Software EngineeringArtificial Intelligence
AI summary

The authors describe a way to catch and fix mistakes in system designs that look correct but break important engineering rules. They combine a small language model (a kind of AI) with a knowledge graph that holds facts about how parts of a vehicle system should connect. The AI is trained using fake examples of errors and suggests fixes that engineers can review, keeping humans involved. Their tests show this method works much better than before and keeps suggestions concise. This approach helps improve model checking alongside existing tools.

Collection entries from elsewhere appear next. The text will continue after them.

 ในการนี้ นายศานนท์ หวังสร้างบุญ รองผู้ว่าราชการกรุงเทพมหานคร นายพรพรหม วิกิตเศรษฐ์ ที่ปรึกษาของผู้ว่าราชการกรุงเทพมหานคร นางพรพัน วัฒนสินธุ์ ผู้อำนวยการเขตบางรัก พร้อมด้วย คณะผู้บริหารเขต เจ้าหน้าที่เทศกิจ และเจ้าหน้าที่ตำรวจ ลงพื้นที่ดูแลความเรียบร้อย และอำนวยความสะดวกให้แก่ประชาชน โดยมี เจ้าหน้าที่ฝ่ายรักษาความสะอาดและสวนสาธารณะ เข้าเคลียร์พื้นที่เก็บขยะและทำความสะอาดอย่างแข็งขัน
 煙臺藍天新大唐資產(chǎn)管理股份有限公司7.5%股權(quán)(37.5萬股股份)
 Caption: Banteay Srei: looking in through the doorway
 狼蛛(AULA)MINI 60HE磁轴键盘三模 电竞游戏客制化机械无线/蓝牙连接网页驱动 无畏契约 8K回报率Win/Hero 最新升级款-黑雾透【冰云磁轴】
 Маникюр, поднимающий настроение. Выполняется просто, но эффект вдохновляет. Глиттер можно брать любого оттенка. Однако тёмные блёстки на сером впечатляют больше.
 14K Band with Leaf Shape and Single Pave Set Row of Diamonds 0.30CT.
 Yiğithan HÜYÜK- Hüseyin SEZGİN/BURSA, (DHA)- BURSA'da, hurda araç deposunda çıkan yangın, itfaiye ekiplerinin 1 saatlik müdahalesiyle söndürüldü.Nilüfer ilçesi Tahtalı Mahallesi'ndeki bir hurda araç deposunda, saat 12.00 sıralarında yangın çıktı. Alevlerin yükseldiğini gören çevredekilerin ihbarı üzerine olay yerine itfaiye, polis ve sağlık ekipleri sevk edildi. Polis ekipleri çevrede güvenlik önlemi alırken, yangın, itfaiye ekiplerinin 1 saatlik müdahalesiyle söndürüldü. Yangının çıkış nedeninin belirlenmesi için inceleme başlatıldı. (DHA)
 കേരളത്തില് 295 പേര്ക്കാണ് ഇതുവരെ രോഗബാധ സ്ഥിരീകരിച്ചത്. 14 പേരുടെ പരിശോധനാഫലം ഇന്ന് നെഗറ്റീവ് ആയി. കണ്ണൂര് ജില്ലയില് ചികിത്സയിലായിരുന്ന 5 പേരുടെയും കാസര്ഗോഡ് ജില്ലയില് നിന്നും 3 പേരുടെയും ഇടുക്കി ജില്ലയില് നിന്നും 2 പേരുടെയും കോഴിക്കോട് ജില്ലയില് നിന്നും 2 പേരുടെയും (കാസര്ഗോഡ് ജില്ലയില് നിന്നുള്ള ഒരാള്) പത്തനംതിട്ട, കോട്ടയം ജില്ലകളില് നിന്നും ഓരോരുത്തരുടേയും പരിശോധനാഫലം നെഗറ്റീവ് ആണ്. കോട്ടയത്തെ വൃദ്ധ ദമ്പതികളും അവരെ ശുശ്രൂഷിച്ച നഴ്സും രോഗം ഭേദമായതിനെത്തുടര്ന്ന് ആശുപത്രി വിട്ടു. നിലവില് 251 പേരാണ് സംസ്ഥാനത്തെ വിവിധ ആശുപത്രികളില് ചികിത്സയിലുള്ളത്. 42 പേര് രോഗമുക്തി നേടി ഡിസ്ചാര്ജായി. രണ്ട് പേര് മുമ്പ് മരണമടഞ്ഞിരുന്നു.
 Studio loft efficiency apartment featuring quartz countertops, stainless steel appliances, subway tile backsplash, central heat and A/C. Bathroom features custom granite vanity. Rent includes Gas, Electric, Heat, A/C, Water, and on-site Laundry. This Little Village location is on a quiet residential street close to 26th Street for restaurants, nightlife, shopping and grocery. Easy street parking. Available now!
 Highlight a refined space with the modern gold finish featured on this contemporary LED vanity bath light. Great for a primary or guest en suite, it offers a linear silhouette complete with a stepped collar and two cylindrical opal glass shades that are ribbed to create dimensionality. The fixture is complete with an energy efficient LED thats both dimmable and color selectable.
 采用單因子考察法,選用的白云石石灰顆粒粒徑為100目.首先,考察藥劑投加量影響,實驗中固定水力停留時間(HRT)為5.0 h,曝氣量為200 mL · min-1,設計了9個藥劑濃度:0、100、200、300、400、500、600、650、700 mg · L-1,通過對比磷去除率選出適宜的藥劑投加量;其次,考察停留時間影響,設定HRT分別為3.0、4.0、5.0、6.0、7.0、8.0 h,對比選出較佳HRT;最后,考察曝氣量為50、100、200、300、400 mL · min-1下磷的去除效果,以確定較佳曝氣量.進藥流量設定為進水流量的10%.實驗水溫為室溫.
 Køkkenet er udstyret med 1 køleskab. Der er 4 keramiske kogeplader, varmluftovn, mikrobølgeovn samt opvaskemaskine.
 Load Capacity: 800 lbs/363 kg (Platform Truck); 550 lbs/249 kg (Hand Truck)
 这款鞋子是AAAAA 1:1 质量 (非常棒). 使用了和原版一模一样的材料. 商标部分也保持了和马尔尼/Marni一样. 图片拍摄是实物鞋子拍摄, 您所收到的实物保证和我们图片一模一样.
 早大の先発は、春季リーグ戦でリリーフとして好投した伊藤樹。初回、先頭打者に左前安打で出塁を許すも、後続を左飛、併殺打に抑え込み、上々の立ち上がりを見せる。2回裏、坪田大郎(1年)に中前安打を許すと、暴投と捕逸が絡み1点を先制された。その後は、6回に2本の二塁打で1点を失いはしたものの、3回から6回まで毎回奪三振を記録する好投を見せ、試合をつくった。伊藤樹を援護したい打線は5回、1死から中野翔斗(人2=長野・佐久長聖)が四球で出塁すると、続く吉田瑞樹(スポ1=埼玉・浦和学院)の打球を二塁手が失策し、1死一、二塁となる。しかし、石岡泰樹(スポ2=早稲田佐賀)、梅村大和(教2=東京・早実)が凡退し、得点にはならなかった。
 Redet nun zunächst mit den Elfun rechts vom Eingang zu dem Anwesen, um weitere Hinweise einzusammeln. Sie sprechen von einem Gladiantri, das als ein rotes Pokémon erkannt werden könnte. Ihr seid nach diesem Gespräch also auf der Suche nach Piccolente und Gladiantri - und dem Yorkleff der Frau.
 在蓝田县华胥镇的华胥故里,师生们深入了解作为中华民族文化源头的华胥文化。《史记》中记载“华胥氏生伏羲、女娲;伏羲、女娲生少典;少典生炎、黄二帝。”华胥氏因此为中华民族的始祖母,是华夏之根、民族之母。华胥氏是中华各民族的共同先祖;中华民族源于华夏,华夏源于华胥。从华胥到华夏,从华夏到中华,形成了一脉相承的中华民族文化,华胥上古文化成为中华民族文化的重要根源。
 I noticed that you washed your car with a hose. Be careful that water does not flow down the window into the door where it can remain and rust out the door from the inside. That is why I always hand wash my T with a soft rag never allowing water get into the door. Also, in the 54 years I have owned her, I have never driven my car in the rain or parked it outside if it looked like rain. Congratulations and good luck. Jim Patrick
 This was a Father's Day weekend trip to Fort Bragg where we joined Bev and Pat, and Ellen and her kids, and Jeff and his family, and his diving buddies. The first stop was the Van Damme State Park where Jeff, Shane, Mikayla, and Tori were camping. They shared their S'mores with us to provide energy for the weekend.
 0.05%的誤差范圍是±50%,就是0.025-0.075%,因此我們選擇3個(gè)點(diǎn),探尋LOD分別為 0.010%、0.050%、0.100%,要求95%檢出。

SysML v2textual syntaxsemantic errorssmall language model (SLM)knowledge graphmodel-based systems engineering (MBSE)vehicle systemsfault repairfine-tuningunified diff patches
Authors
Haitham Al-Shami, Rohail Malik, Riku Ala-Laurinaho, Jari Vepsäläinen, Raine Viitala
Abstract
SysML v2's textual syntax enables compiler-based validation of model structure and language conformance. However, semantic mistakes that preserve syntactic validity but violate domain rules cannot be detected through compilers. These errors can propagate through the design process and surface late as costly integration failures. This paper presents a human-in-the-loop framework for identifying and repairing such errors automatically. It combines a fine-tuned Small Language Model (SLM) with a domain knowledge graph encoding physical compatibility rules between system elements. The knowledge graph also guides the generation of synthetic training data by systematically introducing plausible domain violations, and augments the model at inference time to ground repair suggestions in valid engineering constraints. We demonstrate the framework using the vehicle systems domain, where the knowledge graph captures the relationships between the mechanical, electrical, fluid, and signal interfaces. Two SLMs, Qwen2.5-Coder-1.5B and DeepSeek-Coder-6.7B, are fine-tuned to output unified diff patches that localize faults and present candidate repairs for engineer review, preserving human judgment in the design process. Evaluation of 1,184 test samples shows that fine-tuning improves semantic fault repair from less than 3% to more than 91%, with patch-based output reducing token length by over 60%. The framework offers a practical path toward AI-assisted model verification that complements existing MBSE tools.